The nilgai, or “blue bull” in Hindi, is a species of antelope native to northern India. Traditionally classified as cattle, nilgai are therefore considered sacred animals in Hindu culture, making it a grievous sin to kill them or eat their flesh. Despite this, some two hundred blue bulls have been killed just in the past several days, authorized by Prakash Javadekar, India’s Minister for the Environment and a spokesperson for the Hindu nationalist Bharatiya Janata Party.
Naturally preyed upon by tigers, lions, and leopards, nilgai populations have multiplied due to the eradication of most large carnivores in India, while human irrigation has allowed them to expand their range into formerly inhospitable desert. This has recently put them into conflict with farmers in the Indian state of Bihar, who have demanded government action to prevent the blue bulls from eating their crops. In May 2015, Bihar’s State Board of Wild Life decided to classify nilgai as “vermin,” leading up to this week’s decision by the Environment Ministry to approve culling of blue bulls by paid hunters.
Blue bulls are not the only animals at risk of culling. The Environment Ministry has also granted permission to kill wild pigs in Bihar, and Rhesus macaques in Himachal Pradesh. Maneka Gandhi, Union Minister for Women and Child Development and an influential spokesperson for animal rights, condemns Prakash Javadekar’s “lust for killing animals” and alleges that he has also allowed slaughter of peacocks in Goa and elephants in West Bengal.
Other politicians and activists have also criticized the killings. “We never recommend animals to be killed,” says Vinod Ranjan, Additional Director General of Forests. “The entire gamut of issues linked to declaration of wild animals as vermin… ought to have been discussed by the National Board of Wildlife,” says Praveen Bhargav, a conservation activist and former board member. “However, the full NBWL has not met in two years.”

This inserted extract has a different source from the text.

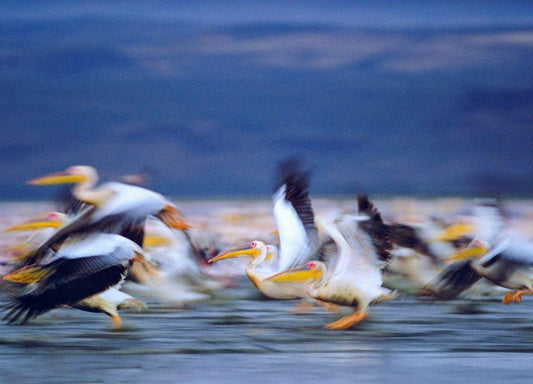 African White Pelicans White Modern Wood Framed Art Print with Double Matting by Fitzharris, Tim

FIAPO, the Federation of Indian Animal Protection Organizations, has drafted a letter of protest to the Environment Ministry, which you can sign here. Animal activist and historian Dr. Nanditha Krishna has called for a tweet storm to protest the cullings of nilgai and other wild animals across India:
“The large-scale slaughter has begun in Bihar. Please storm tweets to @PMOIndia, @narendramodi and @PrakashJavdekar. We need help to stop this horror. Please tell your governments to object. Tell travel agents to cancel India bookings. … Please tweet to @PMOIndia and @narendramodi asking him to SACK Prakash Javdekar. Javdekar has written to all the states asking them which animals they would like to declare as vermin and cull. He is terrible. He has a lust for blood.”